Wenn man die Aussage verweigert, wird man selbstverständlich nicht als Mittäter angeklagt. Und Mitwisser können nicht bestraft werden (es sei denn, man wusste vor einem Kapitalverbrechen davon und hat die Polizei oder den Betroffenen nicht gewarnt).

Sie müssen unbedingt den Strafverteidiger/Pflichtverteidiger Ihres Freundes kontaktieren. Sie sitzen nämlich in der Falle: Die Strafverfolgungsbehörden sind Ihnen einen Schritt voraus. Sie sind verpflichtet, bei der StA zu erscheinen, auszusagen und die Wahrheit zu sagen. Wenn Sie nicht erscheinen oder die Aussage verweigern, werden Sie vorgeführt und es droht ein Ordnungsgeld oder sogar Ordnungshaft. Wenn Sie die Unwahrheit sagen (auch: "weiß ich nicht", "habe nichts gesehen"...), droht Ihnen ein Ermittlungsverfahren wegen uneidlicher Falschaussage, versuchter Strafvereitelung oder ähnlichem.

Da kommen Sie nur raus, wenn Sie sich von dem Strafverteidiger genau sagen lassen, WAS Sie aussagen müssen. Sie müssen ja nicht freimütig die ganze Geschichte erzählen, können mit Ja, Nein und Weiß nicht antworten. Sie müssen nur schildern, was Sie selbst gesehen, gehört usw. haben. Was Ihnen einer erzählt hat, müssen Sie nicht weitergeben etc.pp. Wie Sie sich verhalten müssen, darauf kann Sie der Strafverteidiger vorbereiten. Den würde ich an Ihrer Stelle schnellstens anrufen.

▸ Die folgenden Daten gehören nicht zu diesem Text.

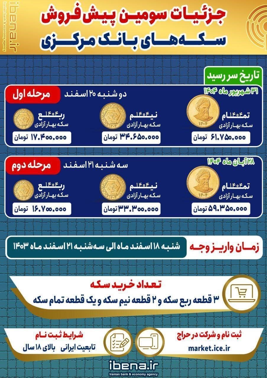 بر این اساس کسانی که قصد خرید سکه با سررسید 31 شهریور 1404 را دارند، میتوانند از امروز 20 اسفندماه اقدام کنند. همچنین، ثبتنام برای پیشخرید سکههایی با سررسید 28 آبان 1404 نیز در روز 21 اسفندماه انجام خواهد شد.

Das verstehe ich jetzt nicht:

Ein Kollege, der kriminell ist, kann kein guter Kollege sein, es sei denn, Du bist in die Straftaten mit verwickelt.

Aber Du schreibst doch, Du hättest Dich da herausgehalten. Wieso kannst Du denn dann als Mittäter angeklagt werden? Dann hättest Du doch diesbezüglich gar nichts zu befürchten. Ob und inwieweit Du eine Dir bekannte Straftat melden musst, steht auf einem anderen Blatt.

Wie auch immer: Selbst wenn Du Mist gebaut hast, steh dafür grade und mach Deine wahrheitsgemäße Aussage. Nur so kannst Du letztendlich aus diesem Dilemmna heraus kommen. Im anderen Fall wirst Du immer wieder und weiterhin ständig unter Druck stehen, rutschst immer tiefer hinein.

Hallo Kalle74,

ein Zeugnisverweigerungsrecht hast Du nur dann, wenn Du mit dem Angeklagten verwandt oder verschwägert bist. Fazit: Du musst aussagen. Allerdings musst Du nicht auf Fragen antworten, wenn Du Dich damit selbst belasten würdest.

Gruß uric

du darfst die Aussage nur verweigern wenn du damit dich selbst belasten würdest. Ansonsten kannst bei Freunden die Aussage nicht verweigern. Dies geht nur bei Verwandten.

Die Wahrheit ist die Wahrheit, da wird Dir nichts übrig bleiben, da musst Du durch. Sprich mit dem Staatsanwalt, vielleicht kannst Du Deine Aussage schriftlich machen... Du wirst ja nicht der Einzige sein, der aussagen muss, vielleicht geht Deine Aussage im Verfahren unter.

Ich würde dir raten, gleich morgen einen Termin bei einem Strafverteidiger zu machen. "Waffenhandel, Kreditbetrug, Bedrohung und Erpressung" sind keine harmlosen Delikte, wenn man dich der Mittäterschaft verdächtigt (und so sieht das wohl aus), dann hol dir lieber einen Fachmann ran, der dir hilft. Hier bist du da völlig verkehrt.

Du musst aussagen, denn du hast als Zeuge nicht das Recht die Aussage zu verweigern, das hat nur der Angeklagte.

Aber guter Kumpel oder nicht, bei Straftaten hört für mich die Freundschaft auf.